Interesting thing about these test cases is that they all share same kind of 
setup where each has one shard and two replicas – one NRT and another is PULL.
 
Going through one of the test case execution step.
FAILED:  org.apache.solr.cloud.TestPullReplica.testKillPullReplica
 
Test flow
1. Create a collection with 1 NRT and 1 PULL replica
2. waitForState
3. waitForNumDocsInAllActiveReplicas(0); // *Name says it all*
4. Index another document.
5. waitForNumDocsInAllActiveReplicas(1);
6. Stop Pull replica
7. Index another document
8. waitForNumDocsInAllActiveReplicas(2);
9. Start Pull Replica
10. waitForState
11. waitForNumDocsInAllActiveReplicas(2);
 
As per the logs the whole sequence executed successfully. Here is the link to 
the logs: 
[https://ge.apache.org/s/yxydiox3gvlf2/tests/task/:solr:core:test/details/org.apache.solr.cloud.TestPullReplica/testKillPullReplica/1/output]
 (link may stop working in the future)
 
Last step where they are making sure that all the active replicas should have 
two documents each has logged a info which is another proof that it completed 
successfully. 
 
{code:java}
616575 INFO (TEST-TestPullReplica.testKillPullReplica-seed#[F30CC837FDD0DC28]) 
[n: c: s: r: x: t:] o.a.s.c.TestPullReplica Replica core_node3 
(https://127.0.0.1:35647/solr/pull_replica_test_kill_pull_replica_shard1_replica_n1/)
 has all 2 docs 616606 INFO (qtp1091538342-13057-null-11348) 
[n:127.0.0.1:38207_solr c:pull_replica_test_kill_pull_replica s:shard1 
r:core_node4 x:pull_replica_test_kill_pull_replica_shard1_replica_p2 
t:null-11348] o.a.s.c.S.Request webapp=/solr path=/select 
params={q=*:*&wt=javabin&version=2} rid=null-11348 hits=2 status=0 QTime=0 
616607 INFO (TEST-TestPullReplica.testKillPullReplica-seed#[F30CC837FDD0DC28]) 
[n: c: s: r: x: t:] o.a.s.c.TestPullReplica Replica core_node4 
(https://127.0.0.1:38207/solr/pull_replica_test_kill_pull_replica_shard1_replica_p2/)
 has all 2 docs{code}
 

*Where is the issue then?*

In the logs it has been observed, that after restarting the PULL replica.

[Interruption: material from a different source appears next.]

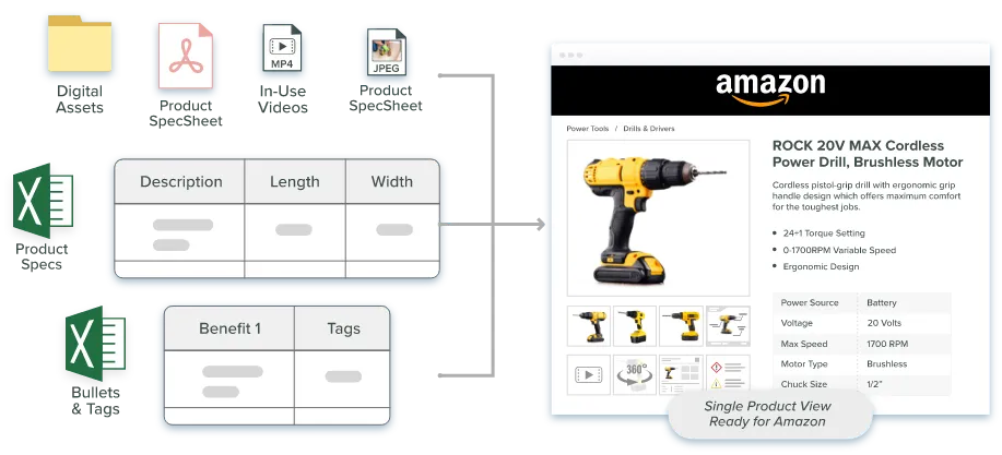 Export products for Amazon Seller Central in the exact required format, ensuring smooth and accurate publishing with faster time to market and data syndication that's error-free.

The 
recovery process started and after fetching all the files info from the NRT, 
the replication aborted and logged "User aborted replication"

 
{code:java}
o.a.s.h.IndexFetcher User aborted Replication => 
org.apache.solr.handler.IndexFetcher$ReplicationHandlerException: User aborted 
replication at 
org.apache.solr.handler.IndexFetcher$FileFetcher.fetchPackets(IndexFetcher.java:1826)
 org.apache.solr.handler.IndexFetcher$ReplicationHandlerException: User aborted 
replication{code}
 

Inside IndexFetcher once it's aborted, It performs cleanup() operation which do 
the closeup and delete the resource only if the operation is aborted.
{code:java}
private void cleanup() {
 try {
  file.close();
 } catch (Exception e) {
 /* no-op */
 log.error("Error closing file: {}", this.saveAs, e);
 }
 if (bytesDownloaded != size) {
 // if the download is not complete then
 // delete the file being downloaded
 try {
  file.delete();
 } catch (Exception e) {
  log.error("Error deleting file: {}", this.saveAs, e);
 }
 // if the failure is due to a user abort it is returned normally else an    
exception is thrown
 if (!aborted)
  throw new SolrException(SolrException.ErrorCode.SERVER_ERROR, "Unable to 
download " + fileName + " completely. Downloaded " + bytesDownloaded + "!=" + 
size);
 }
}{code}
After which a sync operation is performed in a thread, and that's where it 
fails.
{code:java}
fsyncService.execute(
 () -> {
   try {
     file.sync();
   } catch (IOException e) {
      fsyncException = e;
   }
});{code}
Now two things:

1. Why would replication is aborted in the first place? And who executes it?

2. Should sync not be performed when the replication is aborted?

 

  was:
Recently, a common exception (org.apache.lucene.store.AlreadyClosedException: 
this Directory is closed) seen in multiple failed test cases. 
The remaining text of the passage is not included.